» **Instructions for the task**:
Each record below should be returned exactly, with its pictures left out.

» **Extracted data**:
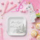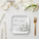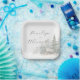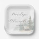 These paper plates feature a whimsical winter scene with a cozy cabin nestled among tall pine trees, creating a serene and romantic atmosphere. The design uses soft watercolor techniques with a palette of whites, light grays, and muted greens, evoking a dreamy snowy landscape. Elegant script typography adds sophistication, making these plates perfect for weddings or special occasions. The overall mood is tranquil and nostalgic, ideal for celebrating moments in a peaceful setting.
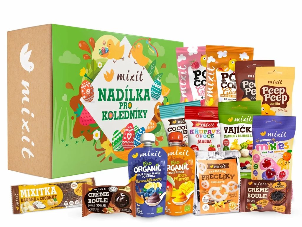 Šibači a kúpači, to sú naozajstní milovníci dobrôt! Preto sme do Veľ-koko-nočnej nádielky pre šibačov ukryli dobroty, ktoré potešia malé maškrtné jazýčky. Tento box je perfektný veľkonočný darček. Môžete ho darovať celý alebo rozdeliť jeho obsah medzi šibačov. Vo vnútri nájdete ochutnávku najlepších Mixit dobrôt aj obľúbenú veľkonočnú limitku Veľ-koko-nočné vajíčka.
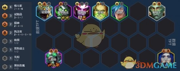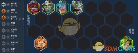 3要是3-2阶段过后还没进行阵容转型,那就只考虑升到7级,在7级时慢慢搜牌,争取追出三星努努。7级时按照下面的阵容配置来上场英雄,此时需要上阵老鼠来补充伤害,让努努和老鼠站在试验格上。
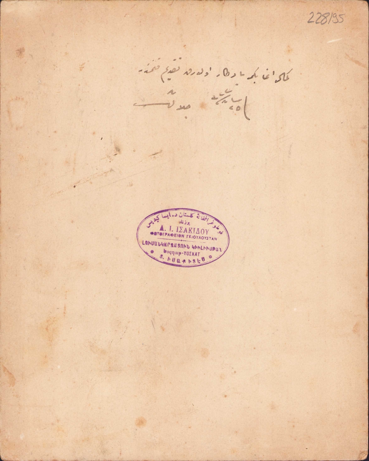Altında Osmanlıca "Reji Müdürünün oğlu ve Evkaf müdürünün oğlu' yazmaktadır.
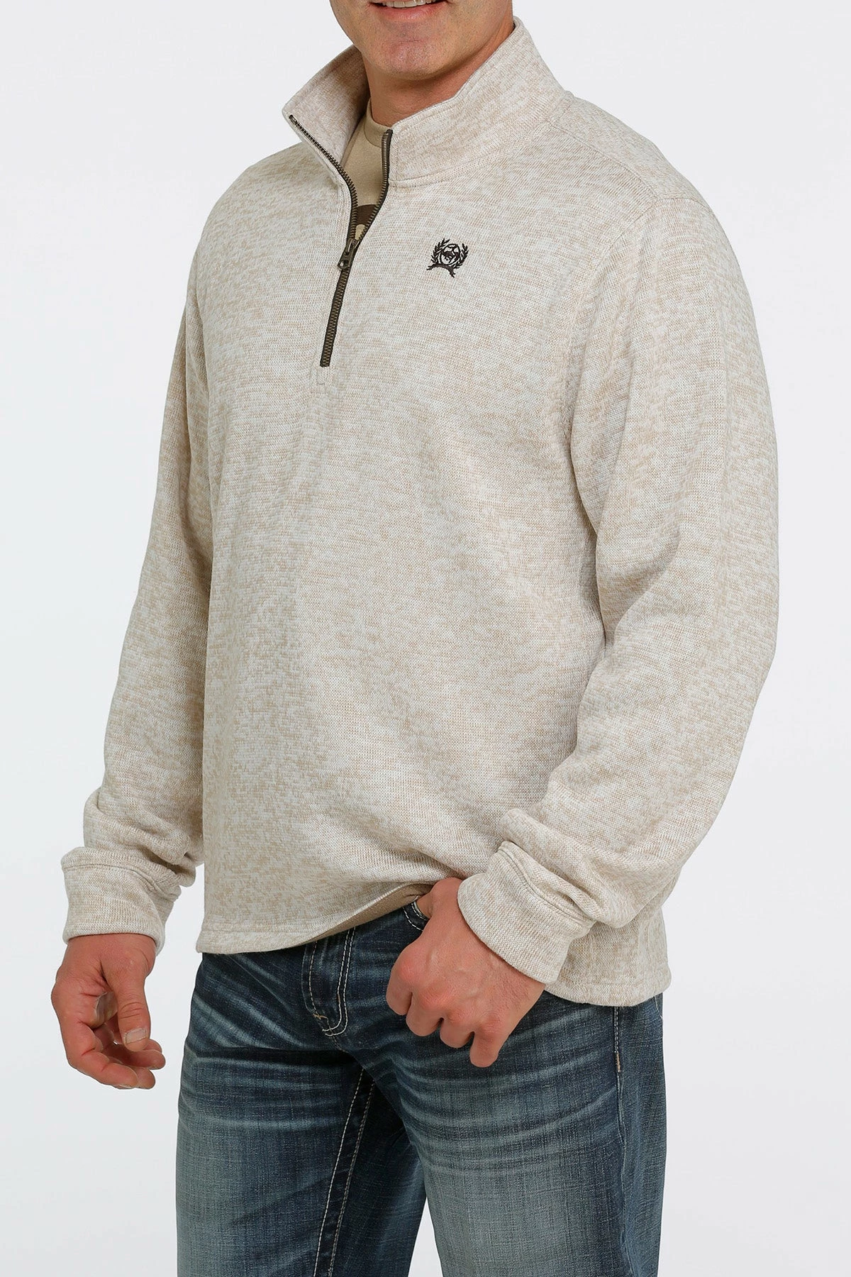 The perfect pullover for the cooler days ahead. This cream colored quarter zip pullover from Cinch is perfect for dress or casual wear and is a great weight for keeping the chill knocked off.
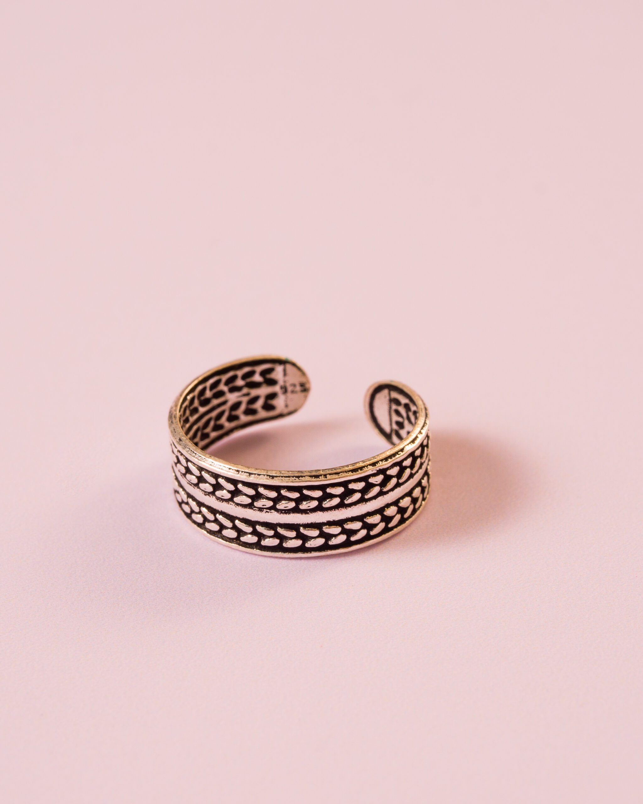Anillo midi en plata de ley 925 tonos ennegrecidos con un diseño de dos cenefas que le dan un toque moderno y original. Perfecto para usar en falange o dedo medio así como los deditos de los pies y darle así un plus único a tu look.

» **Response area**:
 These paper plates feature a whimsical winter scene with a cozy cabin nestled among tall pine trees, creating a serene and romantic atmosphere. The design uses soft watercolor techniques with a palette of whites, light grays, and muted greens, evoking a dreamy snowy landscape. Elegant script typography adds sophistication, making these plates perfect for weddings or special occasions. The overall mood is tranquil and nostalgic, ideal for celebrating moments in a peaceful setting.
 Šibači a kúpači, to sú naozajstní milovníci dobrôt! Preto sme do Veľ-koko-nočnej nádielky pre šibačov ukryli dobroty, ktoré potešia malé maškrtné jazýčky. Tento box je perfektný veľkonočný darček. Môžete ho darovať celý alebo rozdeliť jeho obsah medzi šibačov. Vo vnútri nájdete ochutnávku najlepších Mixit dobrôt aj obľúbenú veľkonočnú limitku Veľ-koko-nočné vajíčka.
 3要是3-2阶段过后还没进行阵容转型,那就只考虑升到7级,在7级时慢慢搜牌,争取追出三星努努。7级时按照下面的阵容配置来上场英雄,此时需要上阵老鼠来补充伤害,让努努和老鼠站在试验格上。
Altında Osmanlıca "Reji Müdürünün oğlu ve Evkaf müdürünün oğlu' yazmaktadır.
 The perfect pullover for the cooler days ahead. This cream colored quarter zip pullover from Cinch is perfect for dress or casual wear and is a great weight for keeping the chill knocked off.
Anillo midi en plata de ley 925 tonos ennegrecidos con un diseño de dos cenefas que le dan un toque moderno y original. Perfecto para usar en falange o dedo medio así como los deditos de los pies y darle así un plus único a tu look.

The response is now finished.